A mulher não quis se identificar, encabulada por haver solicitado proteção divina a um bicho agourento. Não se deve usar a cera e o fogo à toa, escreveu, o tempo de um santo já é tão curto, como é que ele vai encontrar um filhote de urubu numa cidade grande? Mesmo assim, senhora de fibra, resolveu arriscar. Foi à igreja de seu bairro, acendeu a velinha, ajoelhou-se. Rezou pela intervenção de São Bento, que, segundo ela, era muito amigo de um bando de corvos lá na Itália. E depois me procurou, atrás de boas notícias.

Um urubu precisa de paz para compor, lá no céu, os seus versos e presságios

Bem, foi por causa dessa leitora solidária, envergonhada da própria emoção, que voltei hoje ao assunto. Ou melhor, não voltei ao assunto; ele é que voltou a mim. Porque o segundo urubuzinho da crônica, aquele que estava sumido e eu julgava morto, atropelado no cruzamento da Cruz Machado com a Ermelino, ou então anêmico num galho de tipuana, na Pracinha do Amor, voltou ao ninho. Sua mãe e seu irmão agradecem a preocupação geral e mandam avisar: a família está novamente reunida desde a manhã de quarta.

Calmos, gastaram horas em carícias bicudas, como se o amor de um pelo outro estivesse escondido entre suas penas. Depois praticaram o voo incansavelmente, nos intervalos da chuva, indo e voltando do ninho à parabólica da OAB. Pareciam mais fortes e bonitos do que antes. Onde estiveram, como fizeram para sobreviver, jamais saberemos, e isso não importa. A única notícia que quero dar é esta: está tudo bem com os urubus, podem ficar sossegados.

Por enquanto, é claro. A vida é um paraíso minado. Mas, se novos incidentes vierem atormentar estas aves, prometo não mais comentá-los aqui. Porque, assim como os leitores, também aprendi algo sobre mim com essa história. Não cheguei a chorar, confesso, mas me assustei ao perceber que estava lucrando em cima dos urubus. Me senti, aliás, um pouco como Pedro Malazarte. Alguém aí quer comprar um urubu encantado?
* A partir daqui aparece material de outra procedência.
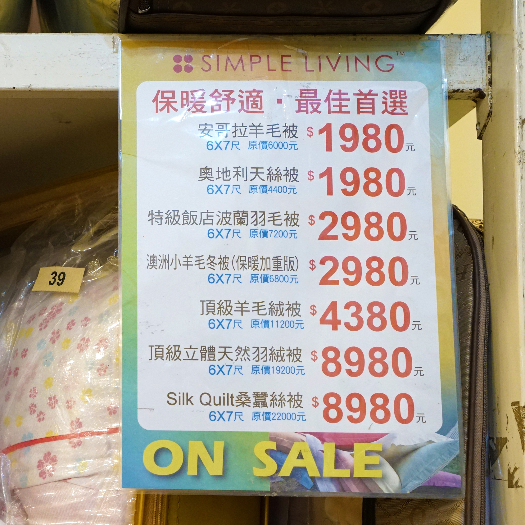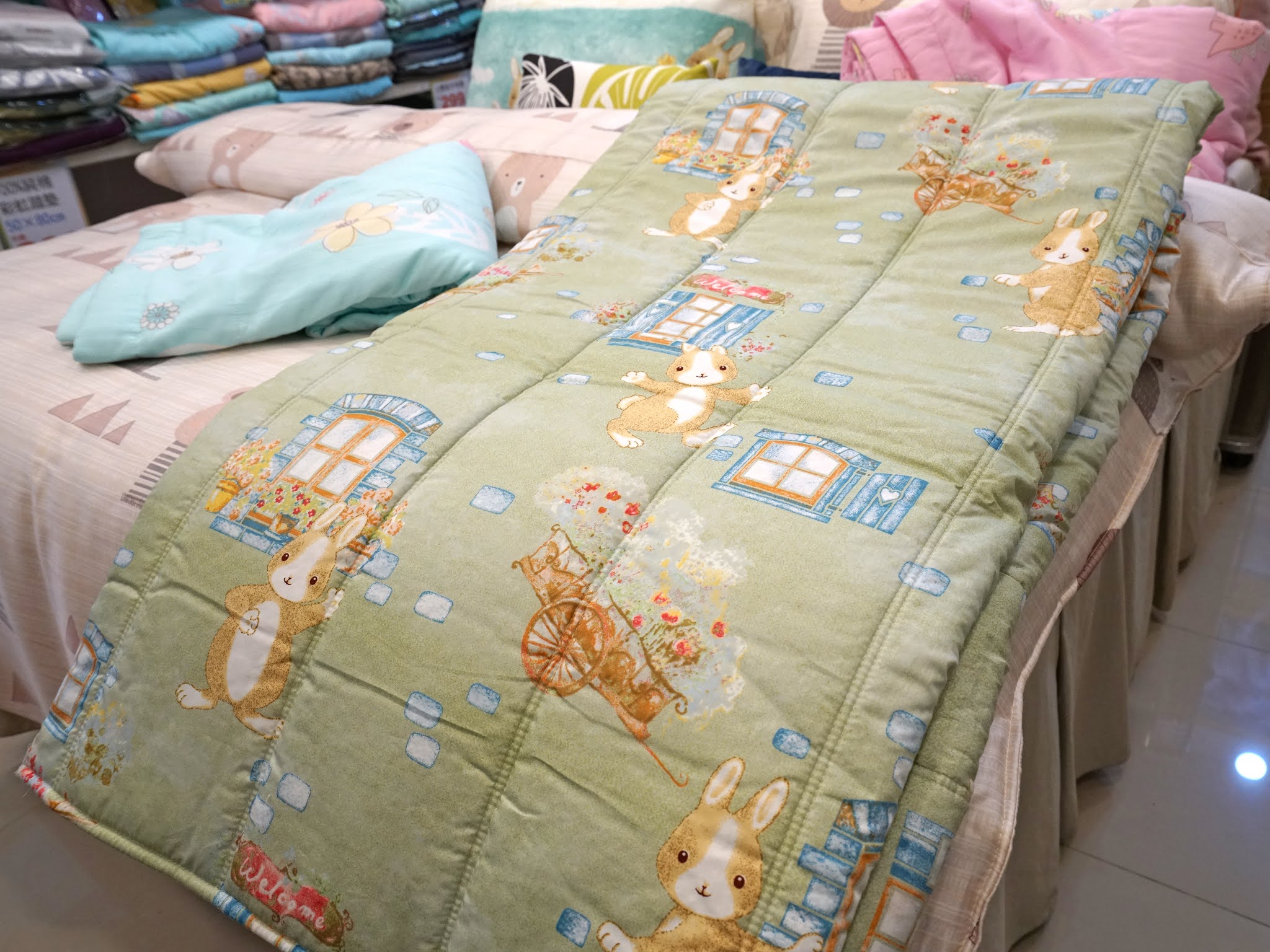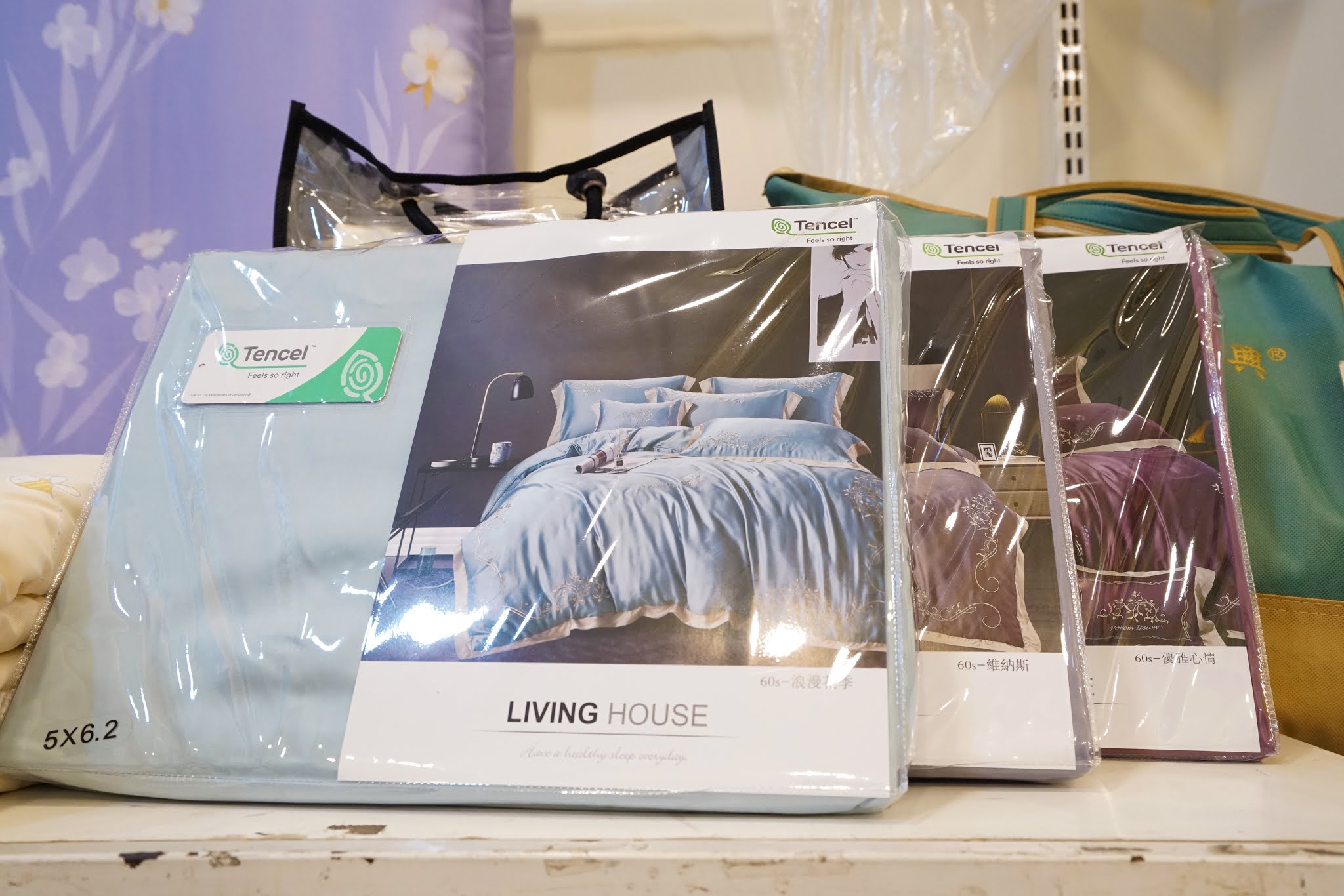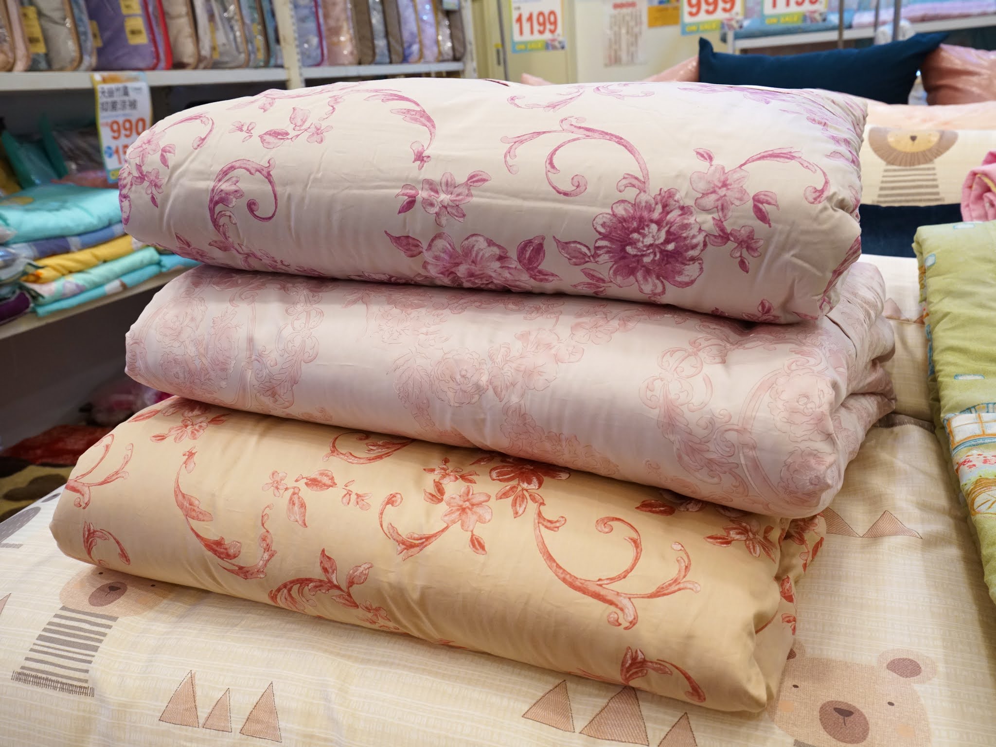 這次來逛看到這款雅致的淡紫色花紋,比百貨公司專櫃的寢飾還漂亮,讓我愛不釋手!推薦大家一定要親自來摸摸看、選選看!
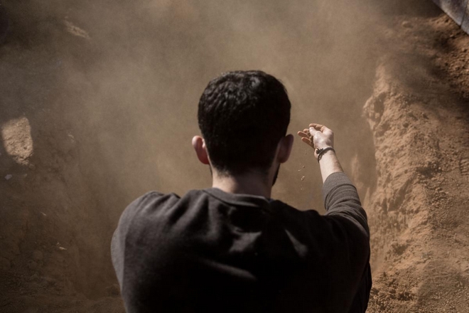 A mourner throws soli as others cover with soil the grave of a Kurdish fighter, killed in the fighting with the militants of the Islamic State group in Kobane, Syria, during a funeral of YPG fighter, at a cemetery in Suruc, on the Turkey-Syria border, November 06, 2014.
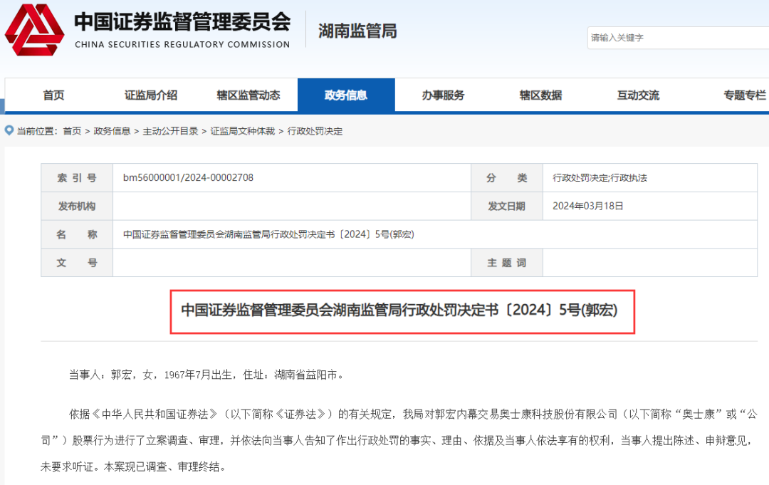 3月18日,湖南证监局网站披露的《行政处罚决定书〔2024〕5号(郭宏)》(下称《行政处罚决定书》)显示,奥士康科技股份有限公司(简称奥士康)时任副总经理、董秘贺梓修的母亲郭宏内幕交易被罚没440万元。
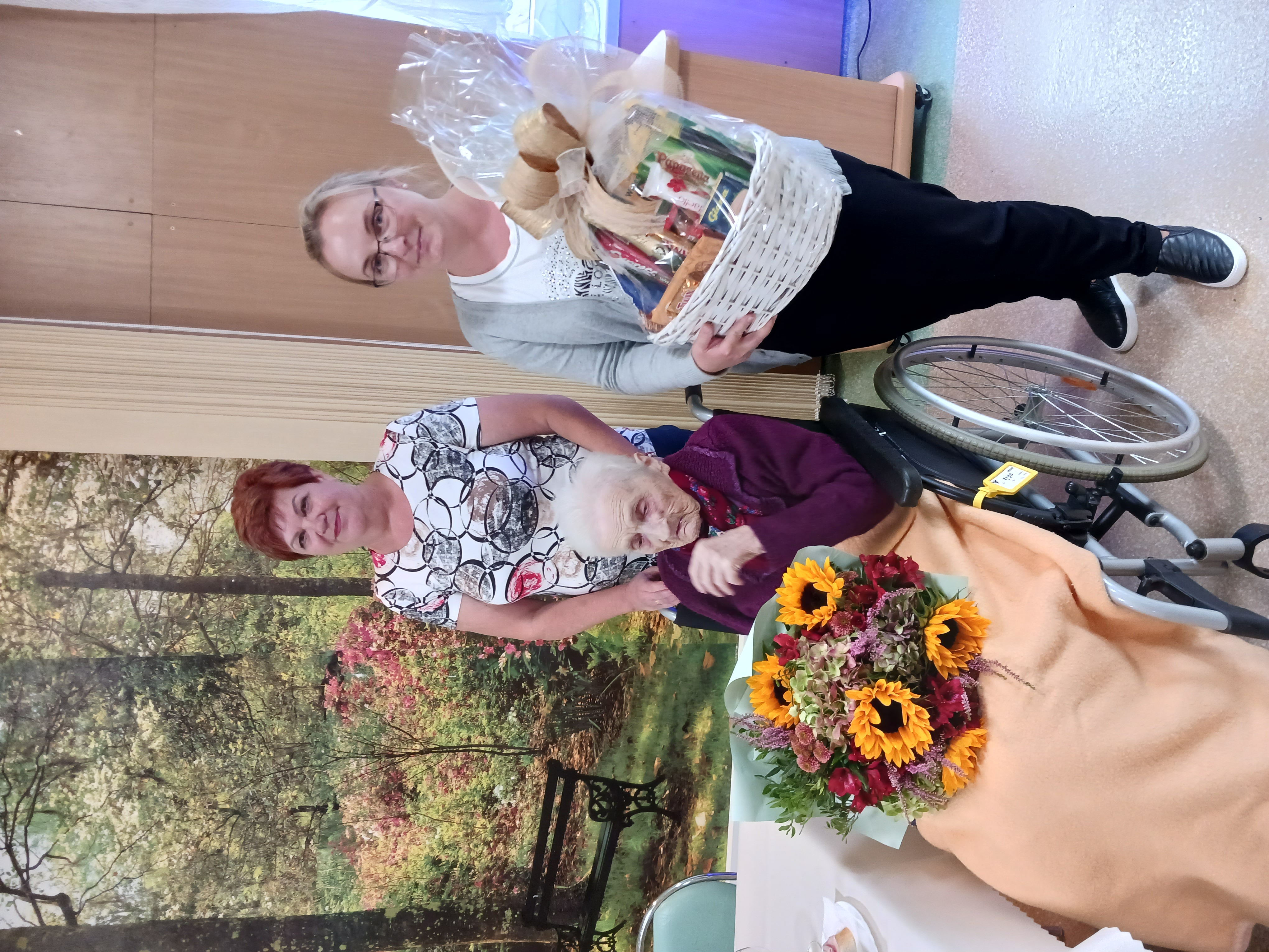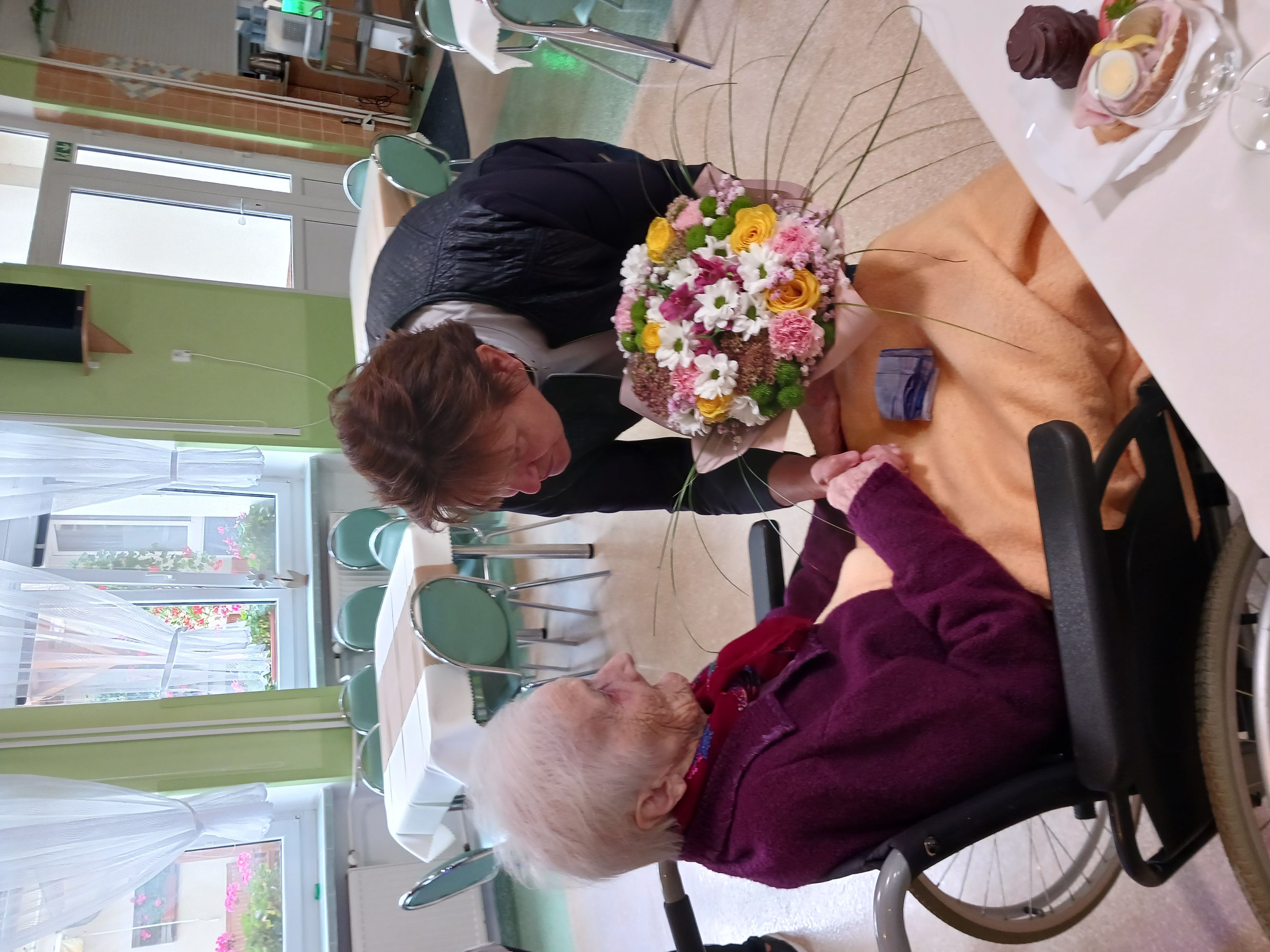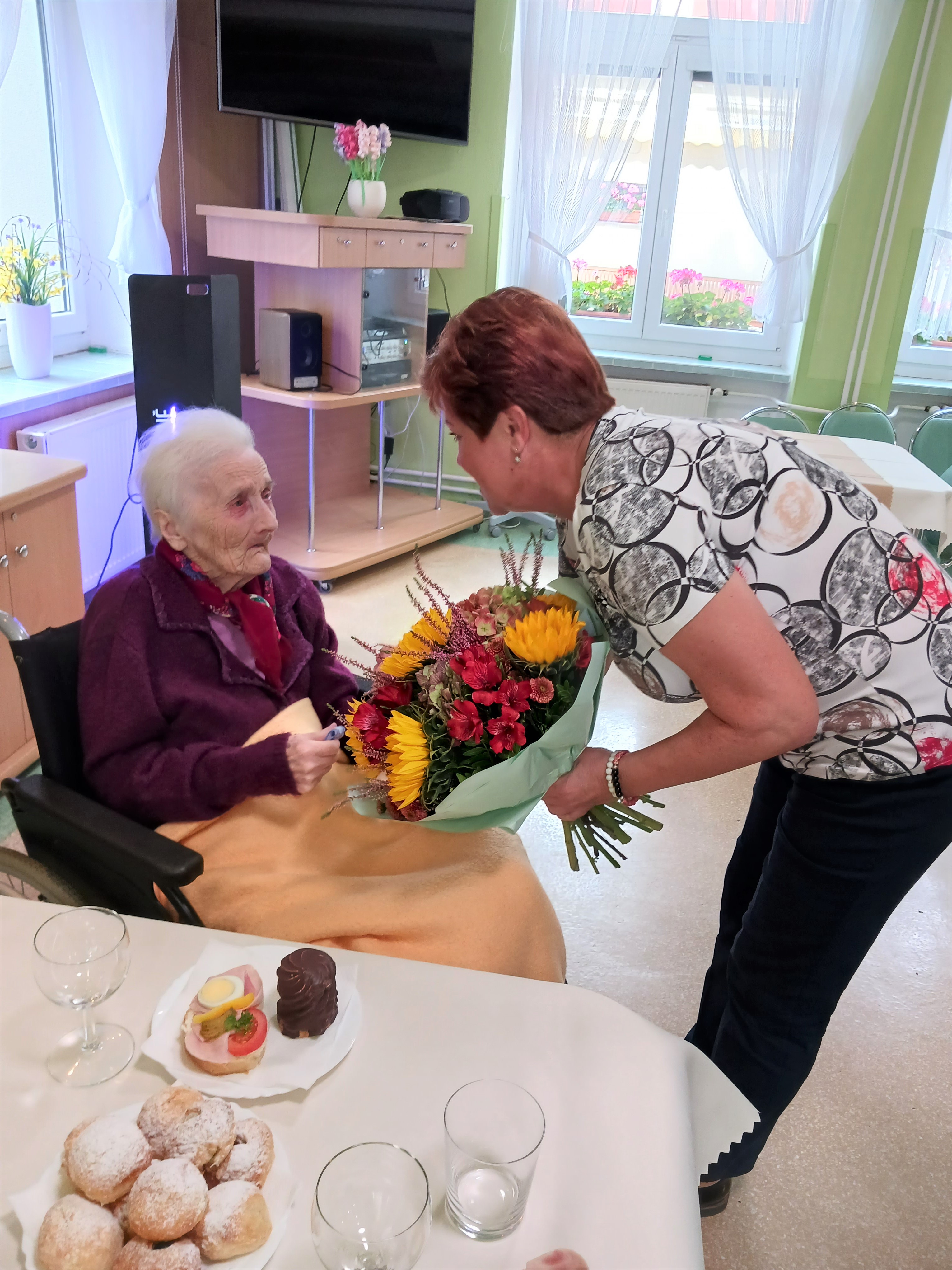 S radostí nás všech jsme oslavili s paní Vlčkovou její 100. narozeniny. Pro oslavenkyni bylo přichystáno u velkého narozeninového dortu, květin a jiného laskavého občerstvení, příjemné posezení s klienty v hlavní jídelně Domova. Ke gratulantům za domov pro seniory se také přidala paní starostka z rodného Nákla.

Na rua, no café, na praça, já há quem me pergunte: como vão seus urubus? E mesmo nossos amigos; entram aqui em casa e correm à janela da biblioteca: viemos ver os urubus. Os bichos já têm me olhado com certa desconfiança. Sabem que sou um delator de sua intimidade.

Não sei, enfim, como limpar minha barra com eles. Ou ao menos minha consciência. Sei é que fico sem graça ao vê-los assim, meio famosos sem querer, protagonizando não apenas crônicas de jornal, mas orações cristãs e pesadelos humanos. Eles não pediram isso. Vou deixá-los com a discrição que lhes cabe. Um urubu precisa de paz para compor, lá no céu, os seus versos e presságios. O urubu é um poeta refinado. E é mais que isso. Como dizia o Tom Jobim, ele é o eterno vigia de um tempo imperecível.